The locus of the points (in the `xy`-plane) where the electric field due to a dipole (dipole axis is along `x`-axis and its equatorial is along `y`-axis) is perpendicular to its axis, is

To solve the problem of finding the locus of points in the `xy`-plane where the electric field due to a dipole is perpendicular to its axis, we can follow these steps: ### Step-by-Step Solution: 1. **Understanding the Dipole Configuration**: - A dipole consists of two equal and opposite charges separated by a small distance. In this case, the dipole axis is aligned along the x-axis, and its equatorial plane is along the y-axis. 2. **Defining the Electric Field**: - The electric field \( \vec{E} \) due to a dipole at a point in space can be derived from the dipole moment \( \vec{p} \). The dipole moment is defined as \( \vec{p} = q \cdot \vec{d} \), where \( q \) is the charge and \( \vec{d} \) is the vector pointing from the negative charge to the positive charge. 3. **Finding the Condition for Perpendicularity**: - We need to find the points where the electric field \( \vec{E} \) is perpendicular to the dipole axis. The dipole axis is along the x-axis, so we want \( \vec{E} \) to be in the y-z plane. 4. **Using Geometry**: - Let’s denote a point \( P(x, y) \) in the xy-plane.
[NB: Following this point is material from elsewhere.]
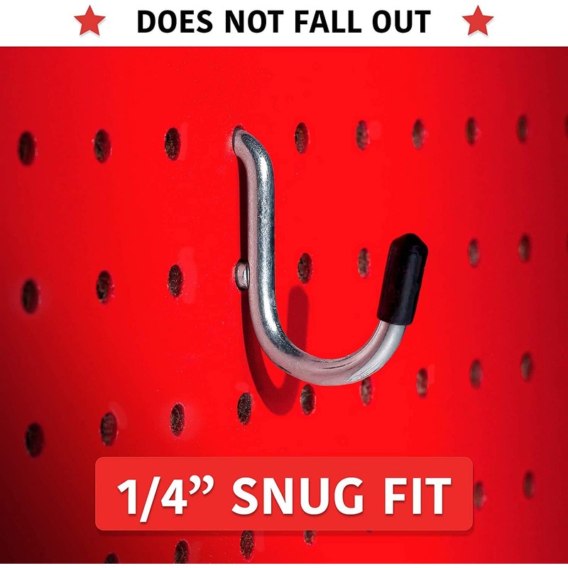 - HOOKS THAT DON'T FALL OUT. Up to 3x thick as competing products. Our 1/4 Inch Pegboard Attachments have a 0.21 inch thick diameter to fit your 1/4'' holed pegboard securely.

The angle \( \theta \) is the angle between the dipole moment direction (x-axis) and the line connecting the origin to point \( P \). The angle \( \alpha \) is the angle between the electric field direction and the x-axis. 5. **Applying Trigonometric Relationships**: - From the geometry, we can establish that: \[ \tan \theta = 2 \tan \alpha \] - Since \( \alpha + \theta = 90^\circ \), we can express \( \alpha \) as: \[ \alpha = 90^\circ - \theta \] 6. **Substituting into the Equation**: - Substitute \( \alpha \) into the first equation: \[ \tan \theta = 2 \tan(90^\circ - \theta) \] - Using the identity \( \tan(90^\circ - \theta) = \cot \theta \), we get: \[ \tan \theta = 2 \cot \theta \] - This can be rewritten as: \[ \tan^2 \theta = 2 \] 7. **Solving for \( \theta \)**: - Taking the square root gives: \[ \tan \theta = \sqrt{2} \] - Thus, \( \theta = \tan^{-1}(\sqrt{2}) \). 8. **Finding the Locus**: - The angle \( \theta \) represents a constant angle in the xy-plane. The locus of points where the electric field is perpendicular to the dipole axis will be a straight line making an angle \( \theta = \tan^{-1}(\sqrt{2}) \) with the x-axis. ### Conclusion: The locus of points in the xy-plane where the electric field due to the dipole is perpendicular to its axis is a straight line inclined at an angle \( \tan^{-1}(\sqrt{2}) \) to the x-axis.